This Agreement may be amended only if such amendment is approved by the
"vote of a majority of the outstanding voting securities" of the Fund (except
for any such amendment as may be effected in the absence of such approval
without violating the 1940 Act).
The terms "specifically approved at least annually," "vote of a majority
of the outstanding voting securities," "assignment," "affiliated person," and
"interested persons," when used in this Agreement, shall have the respective
meanings specified in, and shall be construed in a manner consistent with, the
1940 Act, subject, however, to such exemptions as may be granted by the
Securities and Exchange Commission under said Act.
Each party acknowledges and agrees that all obligations of the Trust under
this Agreement are binding only with respect to the Fund; that any liability of
the Trust under this Agreement, or in connection with the transactions
contemplated herein, shall be discharged only out of the assets of the Fund; and
that no other series of the Trust shall be liable with respect to this Agreement
or in connection with the transactions contemplated herein.
The undersigned officer of the Trust has executed this Agreement not
individually, but as an officer under the Declaration and the obligations of
this Agreement are not binding upon any of the Trustees, officers or
shareholders of the Trust individually.
8. Governing Law.
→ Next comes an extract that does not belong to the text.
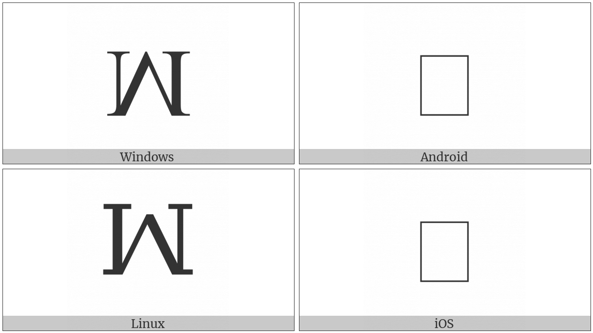 The image below shows how the “Latin Epigraphic Letter Inverted M” symbol might look like on different operating systems. If the font in which this web site is displayed does not contain the symbol and there is no fallback font able to render it, you can use the image below to get an idea of what it should look like.

This Agreement shall be construed and the provisions
thereof interpreted under and in accordance with the laws of The Commonwealth of
Massachusetts.
9. Use of Name. The Trust hereby acknowledges that any and all rights
in or to the name "CitiSelect(SM)" which exist on the date of this Agreement or
which may arise hereafter are, and under any and all circumstances shall
continue to be, the sole property of Citibank; that Citibank may assign any or
all of such rights to another party or parties without the consent of the Trust;
and that Citibank may permit other parties, including other investment
companies, to use the word "CitiSelect(SM)" in their names. If Citibank, or its
assignee as the case may be, ceases to serve as the adviser and administrator of
the Trust, the Trust hereby agrees to take promptly any and all actions which
are necessary or desirable to change its name so as to delete the word
"CitiSelect(SM)."
IN WITNESS WHEREOF, the parties hereto have caused this Agreement to be
executed and delivered in their names and on their behalf by the undersigned,
thereunto duly authorized, all as of the day and year first above written.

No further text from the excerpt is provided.